Practice questions written in the style of SEAB exam questions on this dot point, with worked answer explainers. The year tag is the paper they imitate, not the source.

Original4 marks(a) State how many distinct characters standard 7-bit ASCII can represent and why. (b) Explain one limitation of ASCII that Unicode was created to solve. (c) State the relationship between a character and its code point.

Show worked answer →

(a) Standard ASCII uses 7 bits, so it can represent $2^7 = 128$ distinct characters: the digits, upper and lower case English letters, punctuation and control characters.

(b) ASCII covers only the English alphabet and basic symbols. It cannot represent accented letters, non-Latin scripts such as Chinese, Tamil or Arabic, or emoji. Unicode was created to give every character in every writing system its own unique code, enabling text in any language.

(c) A character is mapped to a numeric code point - an integer that identifies it in the standard. For example the letter A is code point 65 in ASCII and U+0041 in Unicode. The code point is then encoded into bytes for storage.

Markers reward $2^7 = 128$ with the bit reason, a concrete limitation (no non-English scripts), and the character-to-code-point mapping.

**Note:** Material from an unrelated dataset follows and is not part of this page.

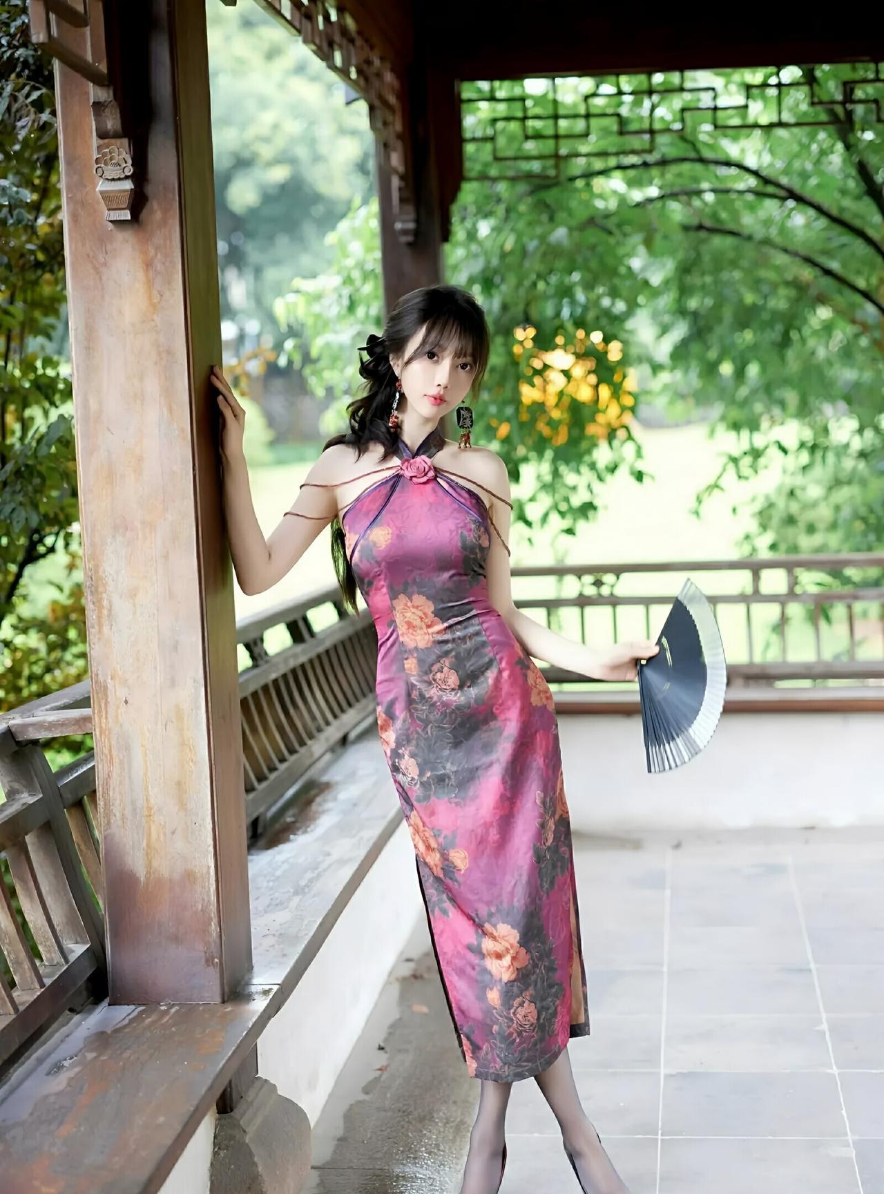 玥儿玥er旗袍大片:玫红牡丹纹样旗袍尽显优雅,折扇轻摇间浅藏国风浪漫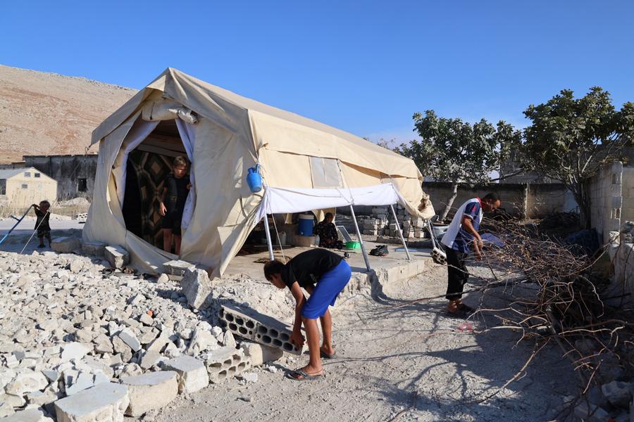 HAMA, Syria, Aug. 19 (Xinhua) -- In the flattened village of al-Hawash in Syria's central Hama province, 40-year-old Fouad Ali swings a pick into the rubble where his home once stood.

Original5 marksExplain how UTF-8 encodes Unicode code points, and give two advantages of UTF-8 over a fixed 4-byte-per-character scheme for storing a document that is mostly English with occasional non-Latin characters.

Show worked answer →

UTF-8 is a variable-length encoding. A code point is stored in one to four bytes depending on its value: the 128 ASCII characters use a single byte, and larger code points use two, three or four bytes, with the leading bits of each byte signalling how many bytes the character spans.

Two advantages for a mostly-English document:

Storage efficiency. English text is almost all ASCII, so each character is one byte in UTF-8 versus four bytes in a fixed 4-byte scheme - roughly a quarter of the size.
Backward compatibility. Any valid ASCII file is already valid UTF-8, so older tools and existing English text keep working unchanged.

A third point markers may accept: it still represents every Unicode character, so the occasional non-Latin characters are handled with the extra bytes only where needed.

Markers reward the variable-length one-to-four byte scheme, ASCII as one byte, and two genuine advantages (space saving and ASCII compatibility).